Двор был около 50 метров в длину и почти столько же в ширину. Каждую субботу его подметали, это было обязанностью детей. Траву и мох между камнями мать и прислуга тщательно выпалывали острым ножом через каждые несколько недель. Главным украшением двора была большая навозная куча прямоугольной формы, которую отец постоянно заботливо подравнивал. Я с детства научился уважительному отношению к работе, и это очень пригодилось мне потом, на парусных кораблях. Всякую работу важно не только хорошо выполнить, она должна еще и смотреться, иметь законченный вид, я бы даже сказал — законченную форму. То ли прямоугольную, как четкие линии мачт и рей стоящего в гавани барка, то ли круглую, как бухта троса.

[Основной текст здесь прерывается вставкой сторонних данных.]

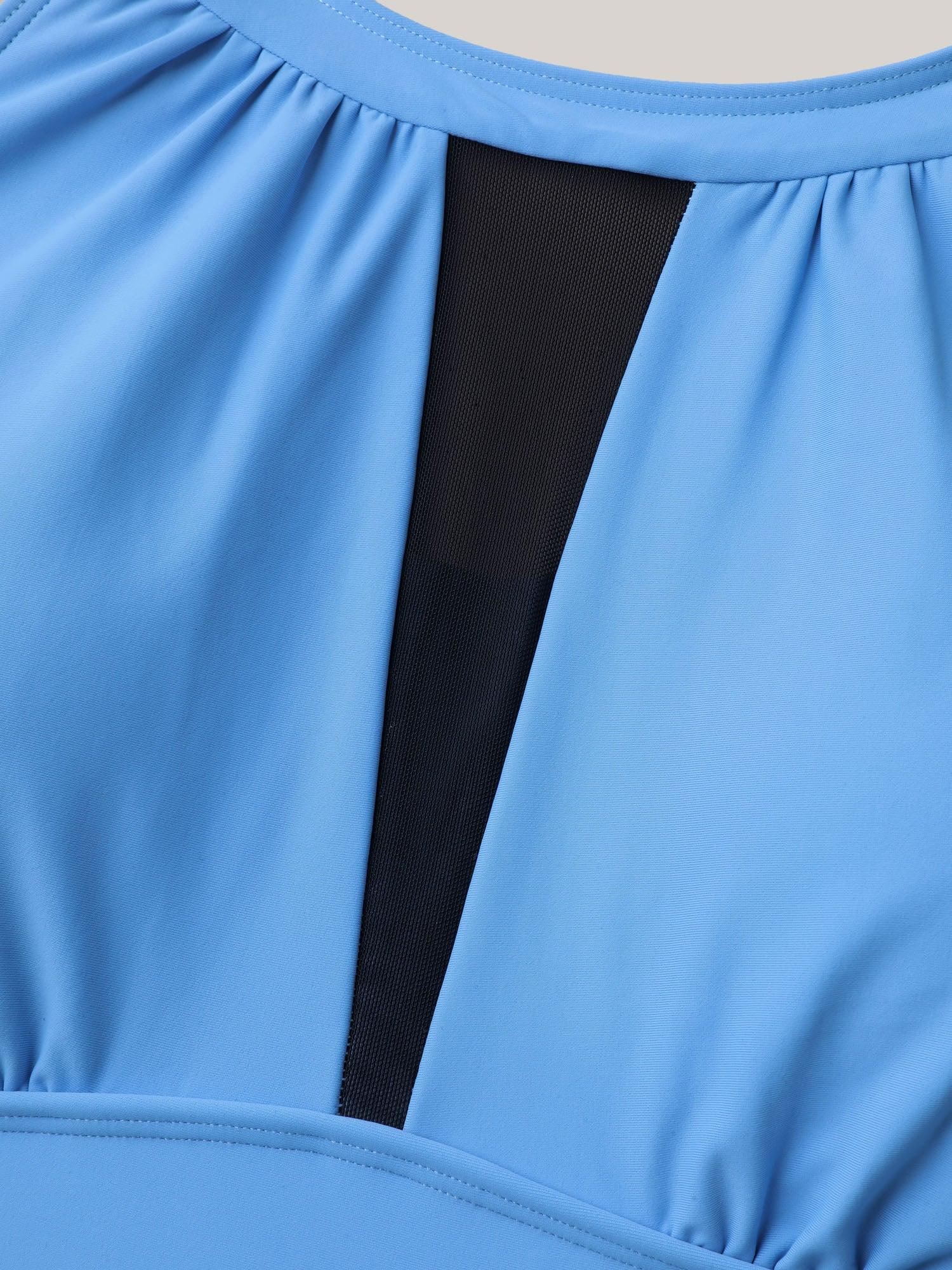 Shop Spliced Color Block Ruched One-Piece Swimsuit now and redefine your style with confidence at BloomChic. Tailored for mid and plus-size women. This trendy Swimwear Women, sizes 10-30. Color:Skyblue;Style:Beach;Cup Type:Removable cups;Coverage:Full;Neckline:U-neck;Sleeve Type:Sleeveless;Prints:Geometric & color block;Details:Contrast, Patchwork, Gathered, See through;Pocket:No-pocket;Belt:No-belt;Chest pad:Removable Padding;Lining:Lining;Closure Type:Non;Structural function:Tummy-Sculpt,Adaptive-Fit
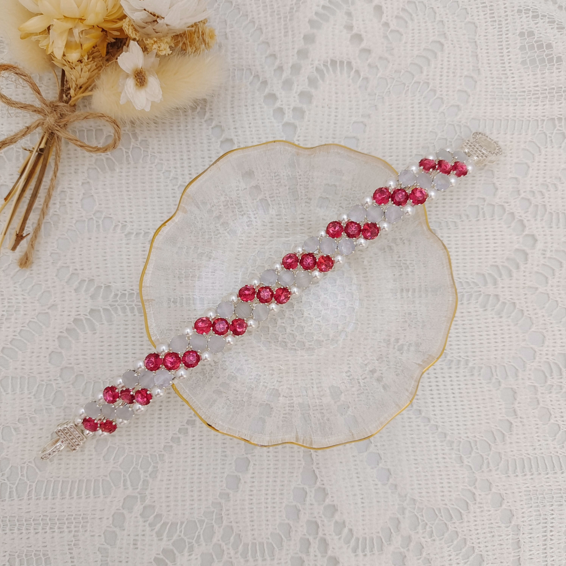【90】DIY Bracelet Kit – Carnation | Rose Red CZ + White Cat Eye + Pearls | Full Tutorial Included
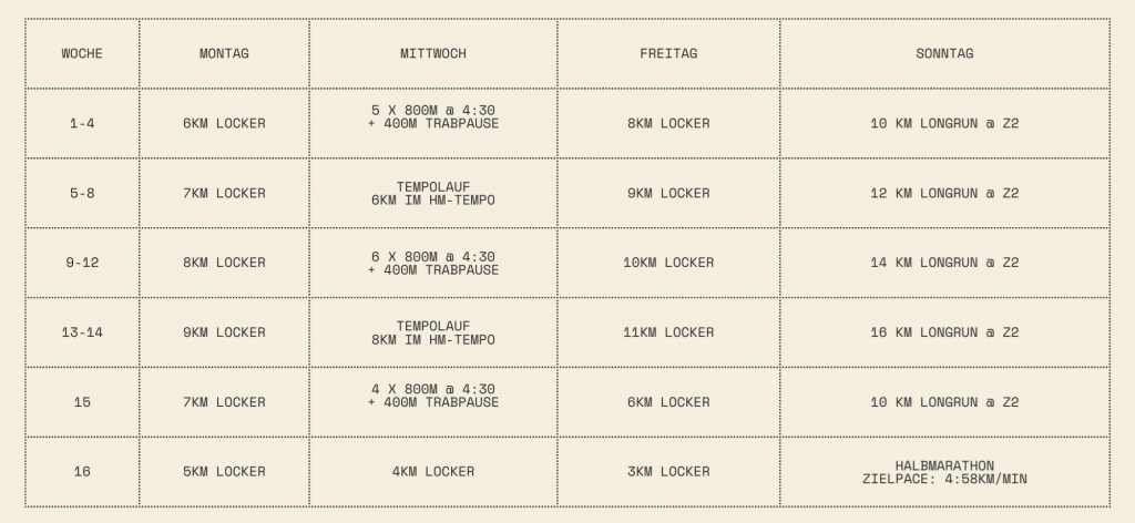 Der Trainingsplan für den Halbmarathon fokussiert sich auf eine ausgewogene Mischung aus leichten Läufen, Intervalltraining, Tempoläufen und langen Läufen, um sowohl Ausdauer als auch Geschwindigkeit zu verbessern. Er ist ideal für Läufer, die viermal pro Woche trainieren können und eine Zielzeit von 2:15 Stunden anstreben. Die wichtigsten Aspekte sind die schrittweise Steigerung der Laufdistanzen und -intensitäten sowie die Erholung zwischen den Trainingseinheiten, um Verletzungen zu vermeiden und die Leistungsfähigkeit zu maximieren.
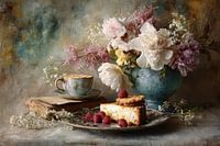 Verfijnd stilleven met een bord met een stuk taart, verse frambozen, knapperige koekjes en een klassiek boek met een kopje koffie of thee erbovenop. Een elegante vaas met een rijk boeket bloemen, waaronder weelderige pioenrozen, straalt luxe en romantiek uit.
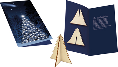 Beschreibung: Ein kleiner Tannenbaum aus Holz zum Stecken und Aufstellen (2 Teile) ist der Inhalt dieser ganz in Blautönen gestalteten Weihnachtskarte. Platz für den Werbedruck ist auf dem Standardmotiv oder eine eigene Gestaltung der Karte, jeweils bereits ab 100 Stück. Ein Kuvert ist separat erhältlich, Artikel 6101

Аккуратным и налаженным был и наш дом. Люди и животные в мире и согласии жили под общей длинной соломенной крышей. Впрочем, соломенная наша крыша была не из соломы, а из камыша, который каждую осень срезали по канавам и вязали впрок для кровли. На продольных сторонах кровля так низко свисала над землей, что стоять под ней взрослый человек мог только пригнувшись. Фасады смотрели на запад и восток, чтобы меньше было сопротивление вечным западным ветрам.

Дом делился на две неравные части. Большая была отведена под сарай (впрочем, он же был и хлевом, и стойлом, и еще много чем другим), въезжать в который можно было прямо с дороги через ворота, достаточно большие для проезда подводы, доверху нагруженной сеном. Ворота сторожил Гектор, злющий пес, прикованный длинной цепью к косяку. В непогоду через лаз, проделанный в стенке сарая, он забирался в свою конуру — набитый соломой ящик.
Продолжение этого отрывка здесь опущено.